Still, why not read these for alternative views

And bear in mind that the most special relationship of all now is the one between the USA and China. It is not even one of the USA's choosing, just a matter of fact, driven by the hopes, fears, ambitions and appetites of Americans and the leaders that emerge from their confused society. We don't really know what Sarah Palin, who until recently belived humans and dinosaurs once lived together, thinks about this.

DECEMBER 4th 2010
So, now we have some 'WikiLeaks', from fairly inconsequential diplomatic players, on The Special Relationship. I have to say I find an element of truth in them in that the UK media are tedious and yes, paranoid. As a result
the current Tory leaders appear to have an immature approach to it (particularly Fox and Hague), but this may be a reaction to the media.

Files newly released by the Wikileaks website highlight what is described as the UK's "paranoia" about its so-called special relationship with the US.

In one cable, a senior US diplomat describes "excessive UK speculation" after Barack Obama became president.

"This over-reading would often be humorous, if it were not so corrosive," it says, according to the Guardian.

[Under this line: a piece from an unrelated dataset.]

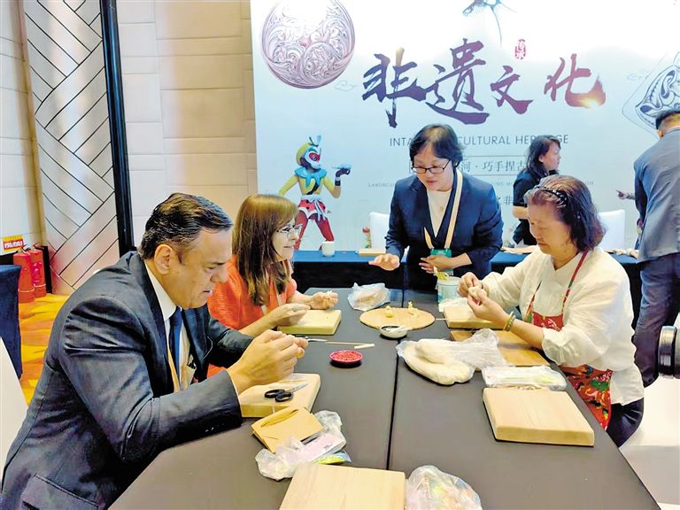外賓在第五屆中蒙博覽會2025年國家向北開放重要橋頭堡智庫論壇非遺文化展區(qū)體驗(yàn)。 草原云·內(nèi)蒙古新聞網(wǎng)記者 李永桃 攝

I have to say I agree with that last remark, attributed to Richard LeBaron. The surprising thing is that any of this stuff had to be written at all, by anyone, but I suppose it is part of the job to supply a running commentary. I see on re-reading my original entry in this file I did not refer to Winston Churchill. This was because I assumed every reader here would be fully informed of his history. However it is naturally necessary to be familiar with this and the details of the 2 world wars to understand where we are now. Those with a knowledge of relationships at the top level during this period are now mostly dead and unfortunately the records do not fully reflect the reality. The idea that Britain was 'begging' the US for support, and to enter the war against Hitler and Japan is misleading. The problem was for those US political leaders who understood the situation only too well to convince the US public and their political opponents to commit lives and national treasure; and who can blame those who were reticent when the blood was still drying from WWI. The support was unstinting long before Pearl Harbour. The return of Winston Churchill's bust to Britain by Obama was better than removing it to a less prestigious location and was more a symbolic change from GWB's Whitehouse image than anything to do with UK/US relations.

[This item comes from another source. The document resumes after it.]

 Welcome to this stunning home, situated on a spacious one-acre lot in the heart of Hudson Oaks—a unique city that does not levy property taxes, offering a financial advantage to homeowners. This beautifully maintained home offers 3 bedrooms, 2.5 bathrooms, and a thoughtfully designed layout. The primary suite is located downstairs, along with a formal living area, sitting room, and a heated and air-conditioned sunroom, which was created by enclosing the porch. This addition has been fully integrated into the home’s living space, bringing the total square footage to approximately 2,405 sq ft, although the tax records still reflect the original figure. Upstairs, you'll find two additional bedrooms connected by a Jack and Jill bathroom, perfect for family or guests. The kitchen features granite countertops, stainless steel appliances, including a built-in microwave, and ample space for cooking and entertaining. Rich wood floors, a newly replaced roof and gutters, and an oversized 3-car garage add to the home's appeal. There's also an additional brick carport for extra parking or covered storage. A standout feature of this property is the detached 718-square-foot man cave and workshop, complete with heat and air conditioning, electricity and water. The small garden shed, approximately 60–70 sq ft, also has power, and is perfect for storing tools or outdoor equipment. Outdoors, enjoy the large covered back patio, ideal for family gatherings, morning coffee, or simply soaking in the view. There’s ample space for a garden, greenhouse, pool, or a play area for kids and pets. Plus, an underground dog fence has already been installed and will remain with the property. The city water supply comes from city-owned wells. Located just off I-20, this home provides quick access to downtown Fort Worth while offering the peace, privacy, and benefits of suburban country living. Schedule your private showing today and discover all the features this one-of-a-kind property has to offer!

All this stuff will blow over. Of far more consequence is the fact that the USofA are in deep trouble on a great many fronts. That will not blow over. When a big nation is in big trouble the effects can cause waves that batter the world. Mr Assange will have stirred the paranoia pot and in so doing caused more angst in those already suffering. It will be up to those not with this disease but nevertheless aware and sensitive to those who are susceptible to calm any wheel-wobble. The US will need good relations with Britain more than it ever did for many decades.